DATA TO PROCESS =
┄┄┄┄┄┄┄┄┄┄

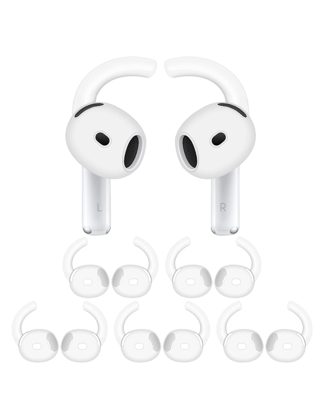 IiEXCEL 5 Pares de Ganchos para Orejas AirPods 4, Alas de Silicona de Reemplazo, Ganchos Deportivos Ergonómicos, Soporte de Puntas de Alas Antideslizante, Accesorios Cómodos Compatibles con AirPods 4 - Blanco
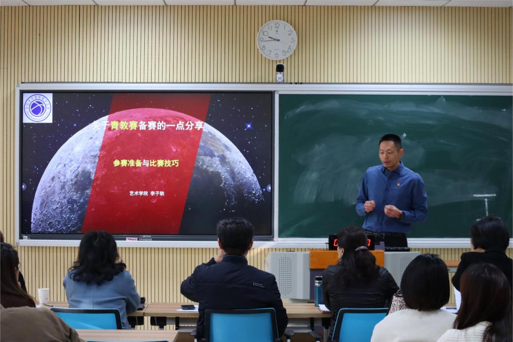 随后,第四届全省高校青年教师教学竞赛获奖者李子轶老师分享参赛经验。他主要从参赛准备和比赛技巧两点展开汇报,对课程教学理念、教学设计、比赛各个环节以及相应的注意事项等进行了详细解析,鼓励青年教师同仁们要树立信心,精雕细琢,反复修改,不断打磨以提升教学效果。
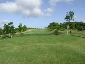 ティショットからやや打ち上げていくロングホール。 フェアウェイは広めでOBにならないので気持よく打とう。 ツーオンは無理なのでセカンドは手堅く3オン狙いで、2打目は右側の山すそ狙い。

┄┄┄┄┄┄┄┄┄┄

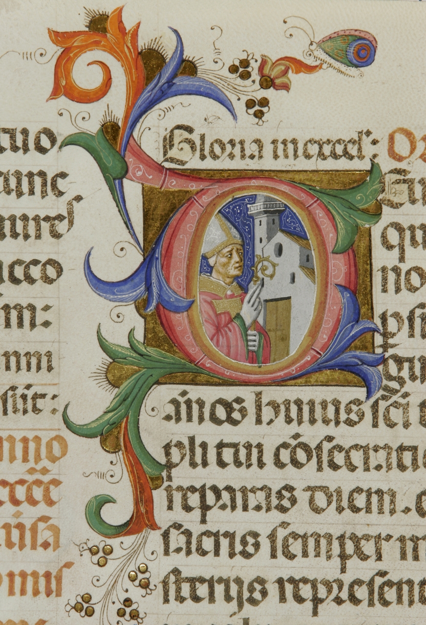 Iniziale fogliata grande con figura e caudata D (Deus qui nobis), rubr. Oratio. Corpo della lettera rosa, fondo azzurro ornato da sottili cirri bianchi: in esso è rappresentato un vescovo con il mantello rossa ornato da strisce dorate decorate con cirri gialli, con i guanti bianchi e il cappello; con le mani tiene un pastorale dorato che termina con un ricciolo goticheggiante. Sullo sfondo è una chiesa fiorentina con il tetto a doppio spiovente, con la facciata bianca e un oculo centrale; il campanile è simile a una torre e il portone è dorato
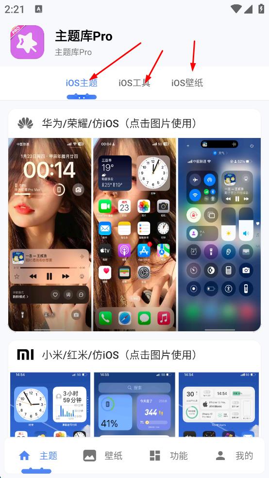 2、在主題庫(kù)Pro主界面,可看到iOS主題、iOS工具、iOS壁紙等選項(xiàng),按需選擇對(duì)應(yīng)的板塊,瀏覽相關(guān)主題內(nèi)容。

┄┄┄┄┄┄┄┄┄┄

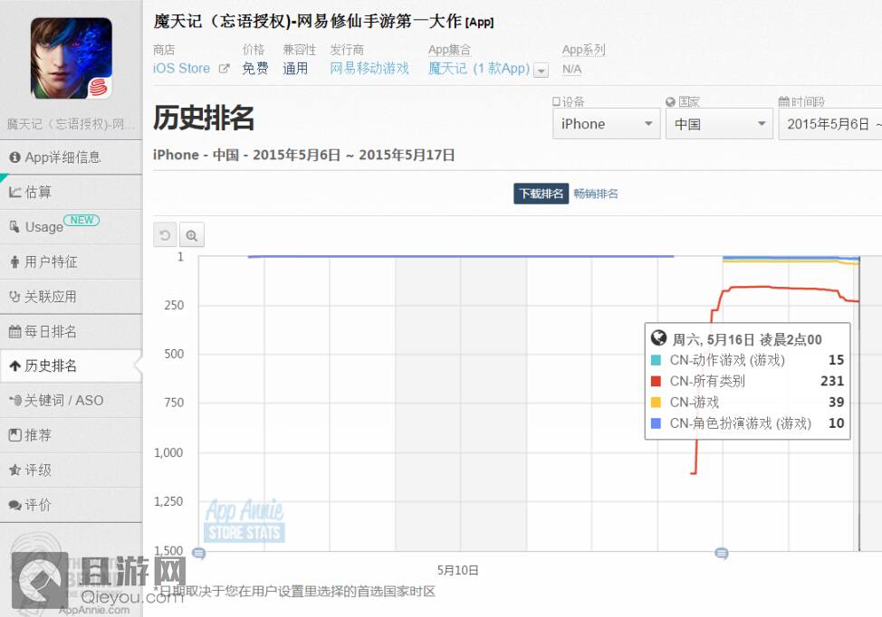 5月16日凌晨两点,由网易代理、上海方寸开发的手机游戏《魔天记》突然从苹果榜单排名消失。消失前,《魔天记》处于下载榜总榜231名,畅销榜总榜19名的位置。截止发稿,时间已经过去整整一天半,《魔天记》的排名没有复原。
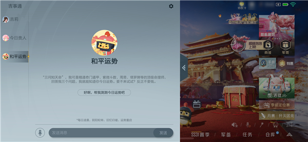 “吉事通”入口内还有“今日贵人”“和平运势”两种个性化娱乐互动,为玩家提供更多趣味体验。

┄┄┄┄┄┄┄┄┄┄

ASSIGNMENT = From the material above, output only the span of lines that starts at the one containing "IiEXCEL 5 Pares" and finishes at the one containing "随后,第四届全省高校青年教师", word for word and free of pictures.

YOUR SOLUTION =
 IiEXCEL 5 Pares de Ganchos para Orejas AirPods 4, Alas de Silicona de Reemplazo, Ganchos Deportivos Ergonómicos, Soporte de Puntas de Alas Antideslizante, Accesorios Cómodos Compatibles con AirPods 4 - Blanco
 随后,第四届全省高校青年教师教学竞赛获奖者李子轶老师分享参赛经验。他主要从参赛准备和比赛技巧两点展开汇报,对课程教学理念、教学设计、比赛各个环节以及相应的注意事项等进行了详细解析,鼓励青年教师同仁们要树立信心,精雕细琢,反复修改,不断打磨以提升教学效果。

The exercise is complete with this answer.